- **DATA TO PROCESS**:
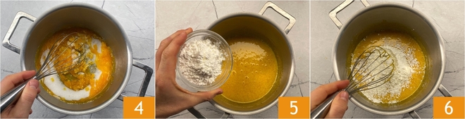 Mezclad bien con un batidor 4, luego agregad la maicena 5 y mezclad de nuevo 6.
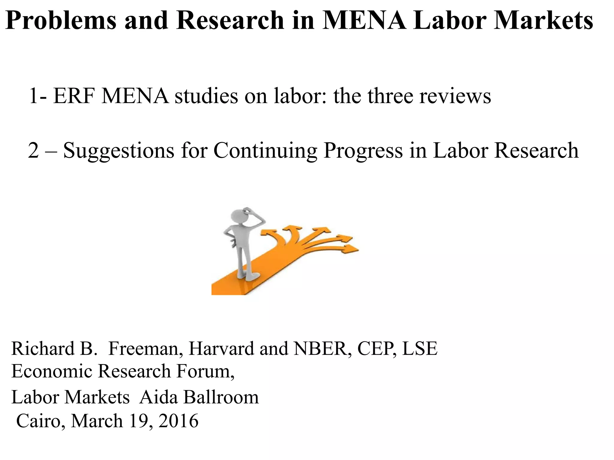 This document discusses problems in labor markets in the Middle East and North Africa region and suggestions for continuing labor research. It covers four main topics: 1) issues with informal sectors and labor regulations based on ERF studies; 2) the importance of rural-urban migration; 3) challenges with education systems not matching job demands; and 4) progress made with developing panel data but needing to link worker and firm data. It concludes with suggestions to improve existing data and analyses, expand data collection to new sources like social media and administrative records, and conduct small experiments to test policy ideas.
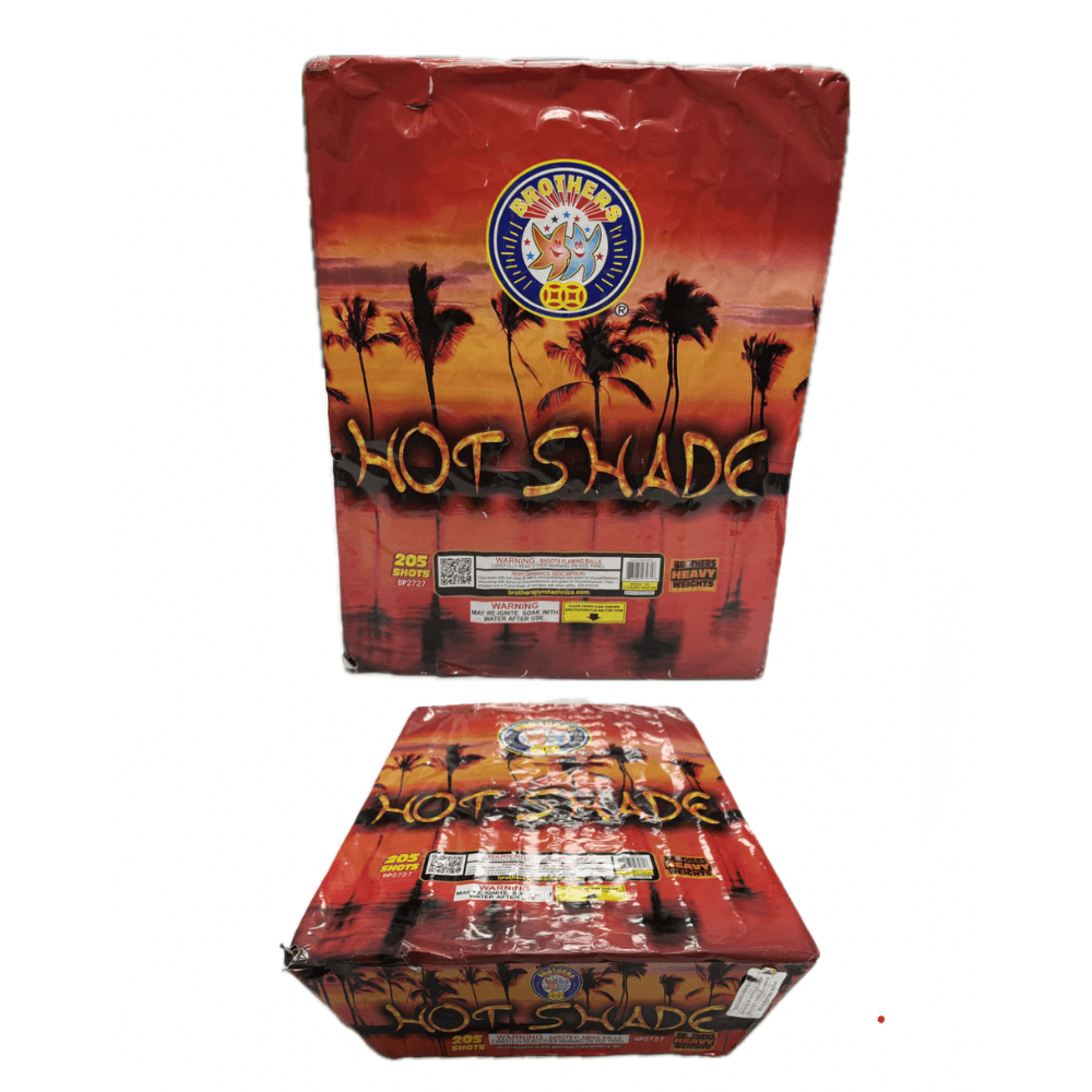 Prepárate para encender la noche con Hot Shade de Brother Fireworks , un pastel explosivo de 205 disparos rápidos, diseñado para una emoción sin fin. Cada disparo se lanza en rápida sucesión, llenando el cielo de brillantes rojos, verdes, dorados relucientes y destellos estroboscópicos que mantienen la acción hasta el último estallido.
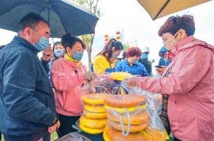 9月24日,嘉峪关市2023年中国农民丰收节暨峪泉镇第四届锅盔文化节,在嘉峪关·关城里景区开幕,极具特色的“峪泉锅盔”、喜庆欢腾的农民歌舞、琳琅满目的农特产品吸引了众多市民游客打卡。图为市民品尝购买“峪泉锅盔”。融媒体中心记者 李巍 摄
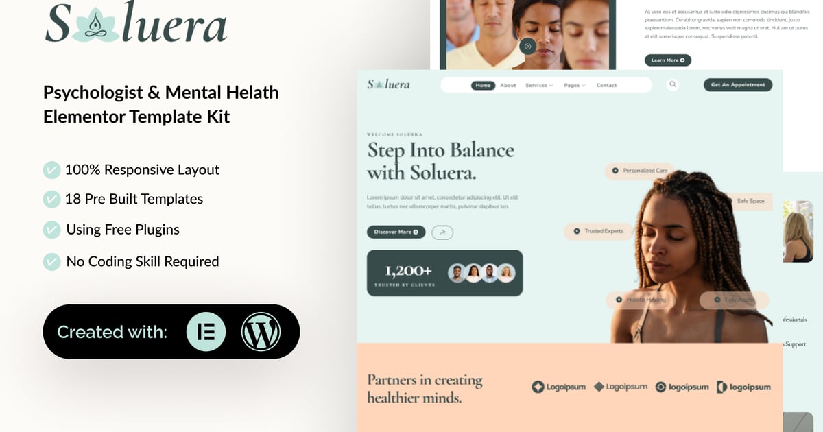 Soluera is a professional, modern and clean Elementor Template Kit designed for Psychologist & Mental Health Service. Built for WordPress, it seamlessly integrates with Elementor, enabling you to craft a professional website effortlessly—no coding skills required.
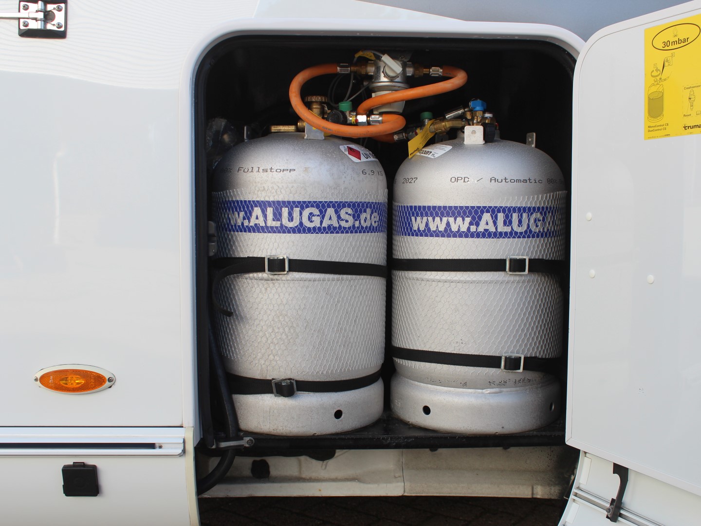 luiken in de vloer. De camper is voorzien van Truma CP Plus verwarming/boiler met thermostatisch bedieningspaneel en het
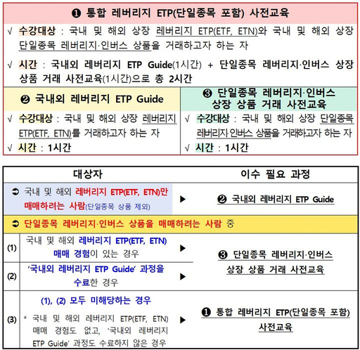 투자자는 해당 상품에 투자하기 전 반드시 사전교육을 이수해야 한다. 기존에 국내·외 레버리지 ETP(ETF·ETN 등) 거래 경험이 있는 경우 1시간 심화 과정만 수강하면 되지만, 경험이 없는 투자자는 기본 교육을 포함해 총 2시간의 과정을 이수해야 한다.
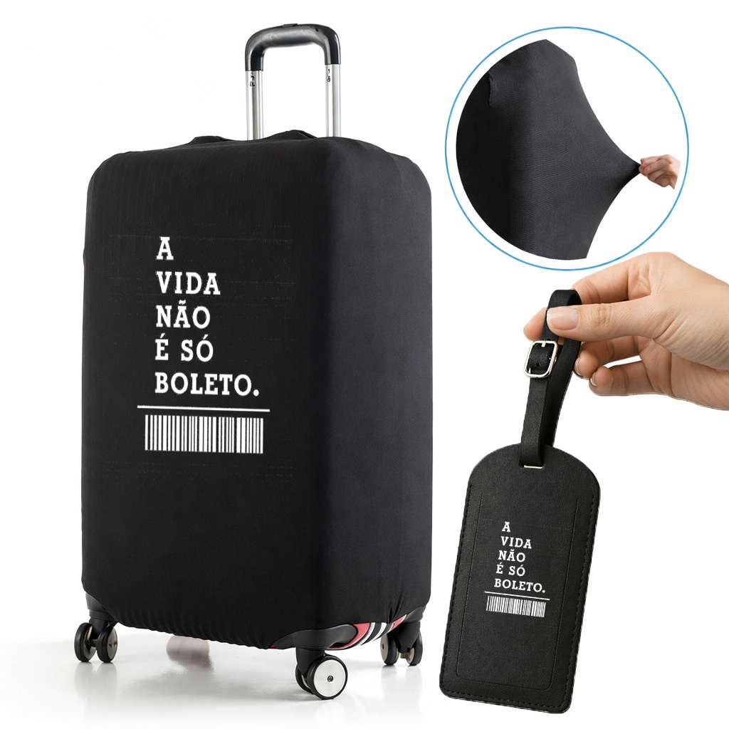 Comprar na ShopeeKit Capa De Mala + Tag Etiqueta Tecido Canelado Bagagem Elástica Para Viagem Protetora Premium
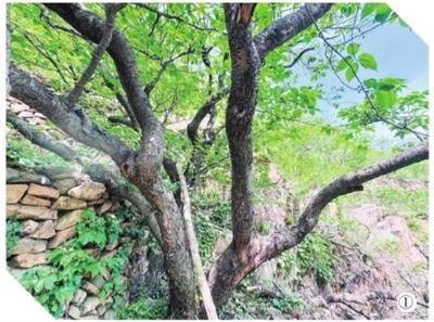 走进崂山区北宅街道三树新村的大山之中,村民张宜虎停下脚步,向远处指了指,那是山中一棵百年老樱桃树。相比一般的樱桃树,它的枝干粗壮,树皮上覆盖着一缕缕青苔,在它顶部几处较细的枝子上,已经挂上了一簇簇红得发紫的樱桃。
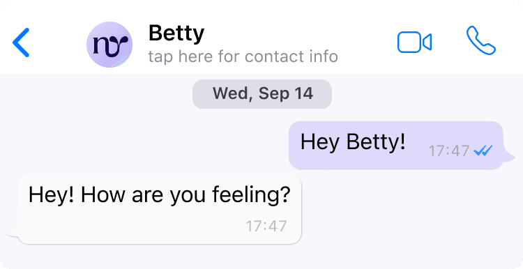 Begin your conversation with Betty through a simple text or WhatsApp message—no complicated setup required.
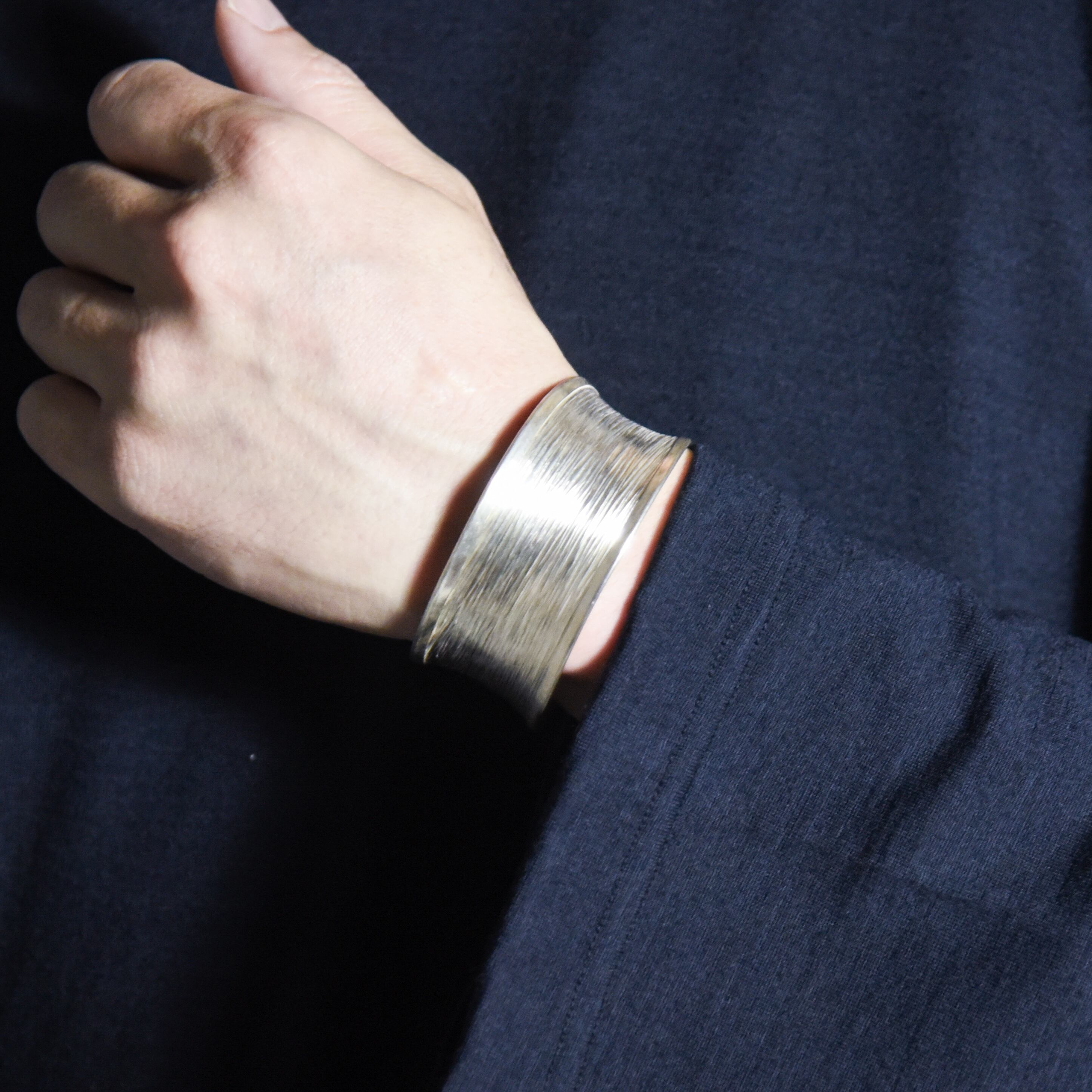 中央が少しくびれ、上下の縁に向かって緩やかに広がっていくフォルムで平面的なバングルに比べて、手首に装着した際に非常に立体的な印象に。

- **DIRECTIONS FOR THIS TASK**:
Copy exactly, please, every line from the one holding "투자자는 해당 상품에" through the last line of the data, both ends included, and no pictures.

- **YOUR RESPONSE**:
 투자자는 해당 상품에 투자하기 전 반드시 사전교육을 이수해야 한다. 기존에 국내·외 레버리지 ETP(ETF·ETN 등) 거래 경험이 있는 경우 1시간 심화 과정만 수강하면 되지만, 경험이 없는 투자자는 기본 교육을 포함해 총 2시간의 과정을 이수해야 한다.
 Comprar na ShopeeKit Capa De Mala + Tag Etiqueta Tecido Canelado Bagagem Elástica Para Viagem Protetora Premium
 走进崂山区北宅街道三树新村的大山之中,村民张宜虎停下脚步,向远处指了指,那是山中一棵百年老樱桃树。相比一般的樱桃树,它的枝干粗壮,树皮上覆盖着一缕缕青苔,在它顶部几处较细的枝子上,已经挂上了一簇簇红得发紫的樱桃。
 Begin your conversation with Betty through a simple text or WhatsApp message—no complicated setup required.
 中央が少しくびれ、上下の縁に向かって緩やかに広がっていくフォルムで平面的なバングルに比べて、手首に装着した際に非常に立体的な印象に。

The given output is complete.